I had to test this and I found that, as I suspected, “Joint Stereo” is not possible on mono files. Most of the benefits of podcasting in mono (file size, bandwidth, download speed, etc.) are dependent on single-channel audio.
Yes, Joint Stereo is the most compatible. This is why PowerPress will present warnings in its absence. But I think the large benefits outweigh the minor incompatibilities with very few players. As of yet, I’ve never heard a complaint that my files wouldn’t play.
Yup, mono’s the way to go for most voice-based podcasts. I tended to use a bit rate of 96kb instead of 64kb when I was encoding shows, just because I felt the audio was a little less noisy that way, but it did add a third to the file size.
What program were you using to make your mono MP3s? IF Audacity or LAME, then it makes sense that it would sound “noisy,” because around 64 kbps is when LAME at CBR starts to fail quality.
I’m a newbie to audio.
I have just bought a portable audio recorder with two fixed mics. (Olympus LS-5) Assuming (I know its overkill) I recorded at or near the highest stereo quality 96kHz/2424 bit (I understand the stereo/file size/voice split probs discussed already) and I want to output from Audacity at 44.1kHz/24 bit (or 16??)mono.? Check: What is the best output for compatibility rather than just file size? Will I hit serious probs in Audacity with re-sampling and converting to mono either technically or more likely in terms of quality/errors?
My podcast will be outdoors and I do like the stereo sound I’m getting. I can record in 44.1kHz/24/16 bit mono from the outset…… I’m guessing I should stick with that and avoid making life more difficult? My instinct though was to capture the very best signal at the start hence the question. I’m a new subscriber and have consumed the first 7 episodes so it will take me a long time to catch up 🙂
Thanks a million for the podcast.
Good question, Kevin!
Unless you making a movie or recording music for a published album, I think anything higher than 44.1 KHz at 16 bit is unnecessarily high.

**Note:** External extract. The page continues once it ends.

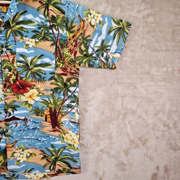 Aloha Joe Hawaiian Shirt Men Size M Maui Coconuts Palm Trees Floral Short Sleeve

I’ve been following your advice to create mono files based on this episode. Today I got a warning from PowerPress not to do mono. Here’s the explanation from their site (http://create.blubrry.com/resources/powerpress/using-powerpress/warning-messages-explained/):
“Warning: Channel Mode ‘mono’
Blubrry PowerPress checks that your mp3 media is either in ‘stereo’ or ‘joint stereo’ for maximum player compatibility.
Web (Flash) based media players and some portable media players
require either ‘Stereo’ or ‘Joint Stereo’ for proper playback. Playback
typically fails instantly in players that do not support ‘Mono’. To
reach the widest audience possible, we recommend using ‘Joint Stereo’
when creating your mp3 media. Joint Stereo and Mono result in the same
file size, so switching from ‘Mono’ to ‘Joint Stereo’ should not be an
issue if file size is a concern.
Values other than these noted may result in media files that are not compatible with some media players and web flash players.”
I went into my Adobe Audition and I have no idea how to create a Joint Stereo file as they suggest. How can I do and should I do it?
Thanks for all your help!
This isn’t an issue anymore. You must be running an old version of PowerPress because they removed this warning.
According to WordPress I am up to date. Perhaps I should uninstall and then reinstall? Will that mess up all my audio files?
It should be version 5.0.2.
But in any case, you can ignore the warning about mono files.